*AVAILABLE RECORDS*:
════════════════════
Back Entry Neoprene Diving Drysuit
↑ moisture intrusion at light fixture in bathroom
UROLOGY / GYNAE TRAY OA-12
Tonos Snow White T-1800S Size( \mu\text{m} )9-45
════════════════════
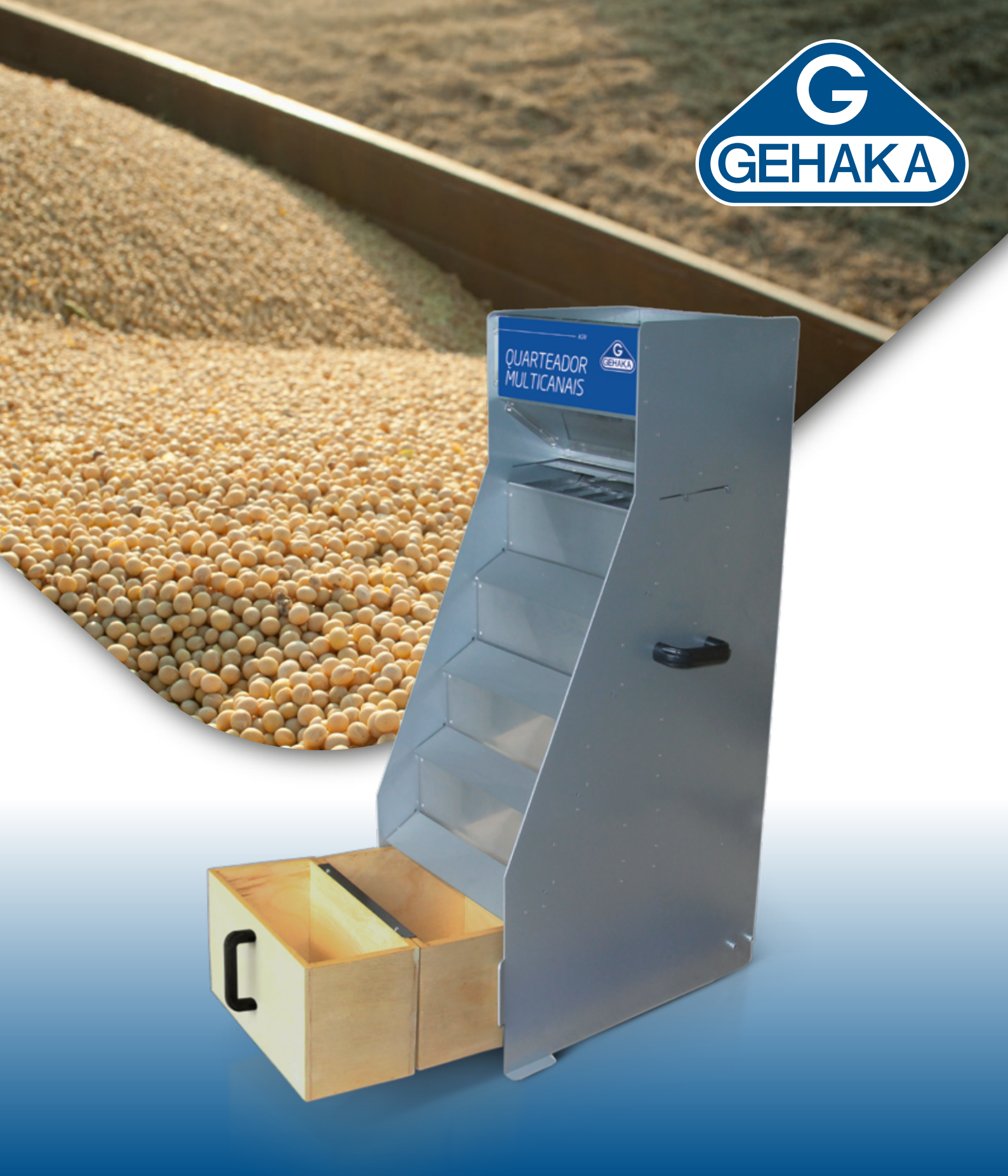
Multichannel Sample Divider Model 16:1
════════════════════
*TASK DETAILS*: Restate word for word the entries above, starting at the line with "fixture in bathroom" and ending at the line with "Tonos Snow White", inclusive, and no others.

*RESULT BELOW*:
↑ moisture intrusion at light fixture in bathroom
UROLOGY / GYNAE TRAY OA-12
Tonos Snow White T-1800S Size( \mu\text{m} )9-45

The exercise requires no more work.